◆ TASK INSTRUCTIONS
Once the line with "USB 3.0/USB-C ギガビットイーサネットアダプター" is reached, output it and every line after it, exactly, through the end of the records below. Pictures are skipped.

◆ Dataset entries
┄┄┄┄┄┄┄┄┄┄┄┄┄┄┄┄┄┄┄┄
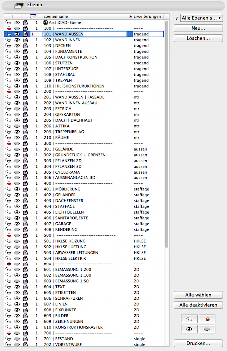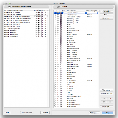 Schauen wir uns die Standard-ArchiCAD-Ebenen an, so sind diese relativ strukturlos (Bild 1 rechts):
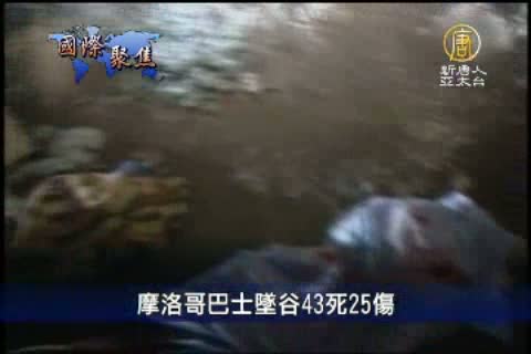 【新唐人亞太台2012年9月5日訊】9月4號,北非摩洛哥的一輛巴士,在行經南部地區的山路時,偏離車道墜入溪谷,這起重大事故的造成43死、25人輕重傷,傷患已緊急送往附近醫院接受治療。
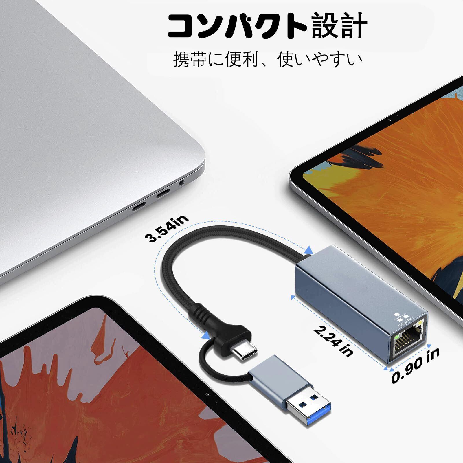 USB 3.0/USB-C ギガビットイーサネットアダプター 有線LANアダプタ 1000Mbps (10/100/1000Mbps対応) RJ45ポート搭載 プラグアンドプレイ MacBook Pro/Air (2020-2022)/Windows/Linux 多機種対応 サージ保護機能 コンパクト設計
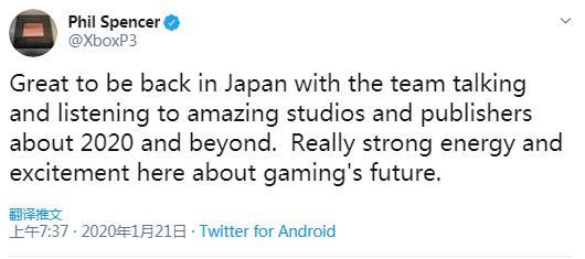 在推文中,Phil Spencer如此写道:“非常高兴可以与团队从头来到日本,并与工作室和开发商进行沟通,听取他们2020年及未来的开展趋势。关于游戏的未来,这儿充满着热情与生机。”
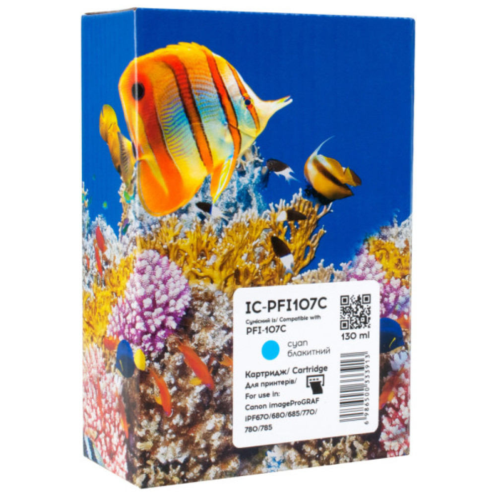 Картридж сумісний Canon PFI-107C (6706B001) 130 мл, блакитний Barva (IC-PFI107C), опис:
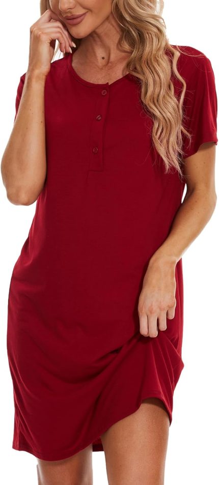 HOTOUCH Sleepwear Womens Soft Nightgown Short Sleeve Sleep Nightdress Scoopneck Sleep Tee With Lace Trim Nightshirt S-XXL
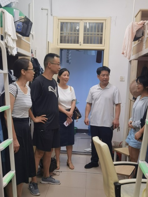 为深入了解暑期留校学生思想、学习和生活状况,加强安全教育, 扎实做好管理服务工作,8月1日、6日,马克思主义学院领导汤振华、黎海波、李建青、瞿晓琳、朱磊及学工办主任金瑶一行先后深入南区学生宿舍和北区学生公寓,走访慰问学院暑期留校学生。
┄┄┄┄┄┄┄┄┄┄┄┄┄┄┄┄┄┄┄┄
◆ RESULT OF THE TASK
 USB 3.0/USB-C ギガビットイーサネットアダプター 有線LANアダプタ 1000Mbps (10/100/1000Mbps対応) RJ45ポート搭載 プラグアンドプレイ MacBook Pro/Air (2020-2022)/Windows/Linux 多機種対応 サージ保護機能 コンパクト設計
 在推文中,Phil Spencer如此写道:“非常高兴可以与团队从头来到日本,并与工作室和开发商进行沟通,听取他们2020年及未来的开展趋势。关于游戏的未来,这儿充满着热情与生机。”
 Картридж сумісний Canon PFI-107C (6706B001) 130 мл, блакитний Barva (IC-PFI107C), опис:
 HOTOUCH Sleepwear Womens Soft Nightgown Short Sleeve Sleep Nightdress Scoopneck Sleep Tee With Lace Trim Nightshirt S-XXL
 为深入了解暑期留校学生思想、学习和生活状况,加强安全教育, 扎实做好管理服务工作,8月1日、6日,马克思主义学院领导汤振华、黎海波、李建青、瞿晓琳、朱磊及学工办主任金瑶一行先后深入南区学生宿舍和北区学生公寓,走访慰问学院暑期留校学生。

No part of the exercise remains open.